Bear is a Markdown notes app built for Apple devices. Where GoodNotes is optimized for handwriting and tablet use, Bear is optimized for typed notes that need to be found again quickly. Write notes in Markdown, tag them with #tags, and search across everything instantly on iPhone, iPad, and Mac.
For Apple Reminders users, Bear serves as the note-capture side: when a reminder needs context, write a quick Bear note. When you finish a task, archive the note. The tag system makes it easy to group notes by project, person, or area, and brain dumping into Bear before a reminder due date is a fast way to surface what you actually need to do.
Markdown editing with real-time formatting preview
Tag-based organization that works across all notes
Fast search across all content including inside notes
iPhone, iPad, and Mac apps with iCloud sync
Excellent export options (PDF, HTML, Word, etc.)
What Works
Fastest typing and search experience of any notes app on this list
Markdown format means your notes are portable and future-proof
Limitations
Apple-only; no Android or web app
No direct Reminders integration
Pricing: Free; Bear Pro $2.99/month or $29.99/year. 14-day free trial.
Best for: Apple users who need fast, searchable Markdown notes alongside their reminders.
Which App Should You Add to Apple Reminders?
Need a scheduling layer: Lifestack
Want Reminders in your calendar: Fantastical
Want a visual timeline of your day: Structured
Want a richer task manager: Things 3
Use an iPad with Apple Pencil: GoodNotes
Want fast typed notes and search: Bear
Frequently Asked Questions
What apps work with Apple Reminders?
Fantastical is the best third-party app for seeing Apple Reminders inside a calendar view. Things 3 can import from Reminders for deeper task management. Lifestack uses your calendar to schedule when to do your tasks, complementing Reminders as a capture tool. See also our guide on the best reminder apps for iOS.
Can you see Apple Reminders in a calendar view?
The native Apple Calendar app does not show Reminders in its day view.

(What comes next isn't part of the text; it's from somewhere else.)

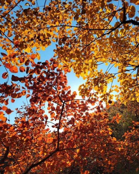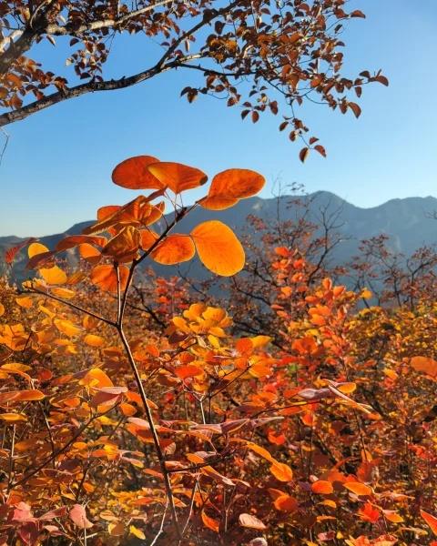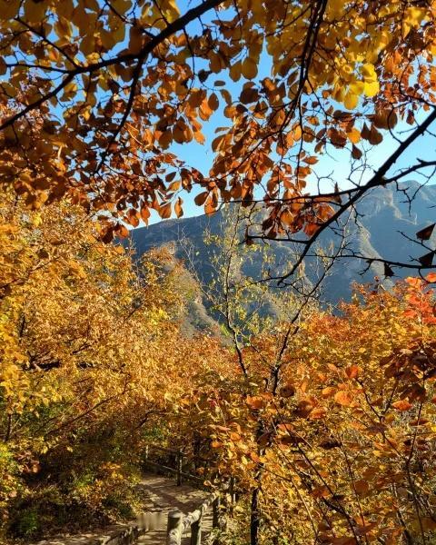 坡峰岭的红叶~不负美景不负晴天~ 晴天下的红叶太美!太美! 坡峰岭红叶攻略(2025) 最佳观赏期:10月中旬至11月初(11月2日已进入最佳观赏期,建议抓紧)。 交通:优先自驾,导航“坡峰岭景区”,停1/2号停车场后换乘免费摆渡车至入口;公交乘917路至周口店客运站转房32路。 路线: - 休闲线(2.5小时):南门→玫瑰亭→黄栌王→云湖(湖光山色+打卡框)。 - 登顶线(3-4小时):南门→醉石林→鹰嘴岩(俯瞰全景),返程建议走下山路。 贴士: - 早7点前出发避高峰,景区16:00停止入园。 - 穿防滑鞋,山顶风大需保暖。 - 景区内餐饮平价(如玉米10元/根),下山可尝农家菜(人均50-60元)。 - 非遗市集、山货大集同期举办,可体验乡土文化。 周边:云上石屋民宿(红叶房)、姥姥家老宅民宿可提前预订。

Fantastical does, showing your reminders alongside your calendar events in a single unified timeline. This is one of the main reasons Apple users upgrade from the native Calendar to Fantastical.

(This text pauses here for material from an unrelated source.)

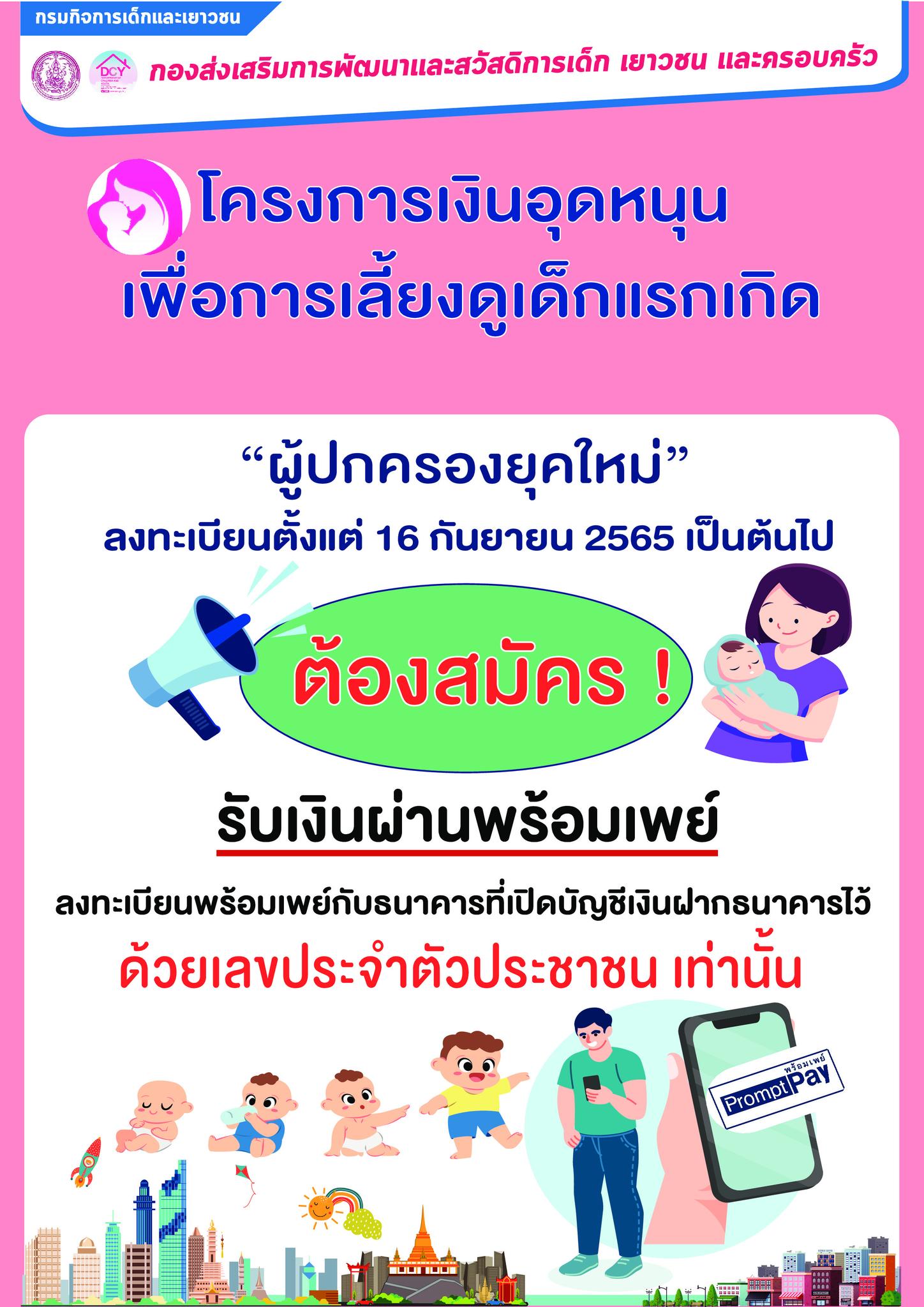 โครงการเงินอุดหนุนเพื่อการเลี้ยงดูเด็กแรกเกิด ผู้ปกครองที่จะยื่นลงทะเบียน ตั้งแต่ 16 ก.ย.65 เป็นต้นไป ต้องสมัครรับเงินผ่านพร้อมเพย์ ด้วยเลขประจำตัวประชาชนเท่านั้น ปัจจุบัน สามารถเช็คสิทธิ/ติดตามสถานะการรับเงินผ่านแอปพลิเคชั่น "เงินเด็ก" ได้แล้ว

Is Apple Reminders good enough on its own?
For basic task capture, yes. For daily planning, scheduling, calendar integration, and note-taking context, you'll benefit from pairing it with other apps. Apple Reminders is excellent for fast capture via Siri and location-based reminders; the apps above handle the planning and organization layer.

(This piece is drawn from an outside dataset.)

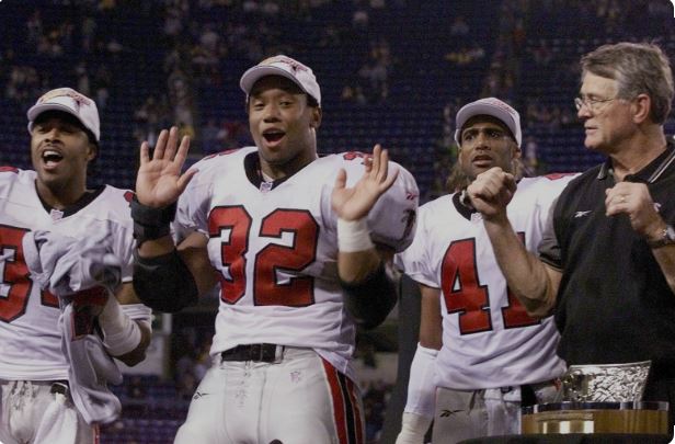 First you had Chris Chandler, a career journeyman who played for 5 teams before landing in Atlanta. Outside linebacker Cornelius Bennett, who had been a pro bowl player and perennial Super Bowl runner up with the Buffalo Bills, found new life in Atlanta once his tenure ended with the Bills. Wide receivers Tony Martin (66 rec. 1,181 yds 6 tds) and Terrence Mathis (64 rec. 1,136 yds 11 tds) were castoffs of the Chargers and Jets respectively. Martin was the deep threat that scored the deciding touchdown in the Charger’s 94 AFC Championship win over Pittsburgh. Mathis was a serviceable 3rd receiver for the Jets who finally became a starter in Atlanta.
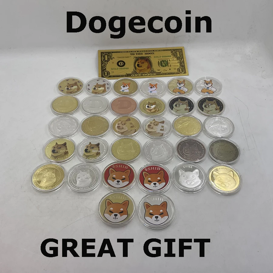 32 вида красивых монет WOW, золотой или серебряный шиб, Шиба-Ба-луна, догкоин с 1 золотой банкнотой догкоин для коллекции подарка

How do I use Lifestack with Apple Reminders?
Use Apple Reminders for quick capture (Siri, Share Sheet, location triggers). Then add your high-priority tasks to Lifestack with estimated time and energy tags. Lifestack schedules them into your day based on your calendar and energy, turning your reminder list into a realistic AI-powered daily plan.
Does Things 3 read Apple Reminders?
Yes. Things 3 has an Apple Reminders import feature that pulls tasks from your Reminders lists into Things for further organization. This workflow lets you use Siri and the native Reminders app for fast capture, then manage everything in Things 3's richer organizational system.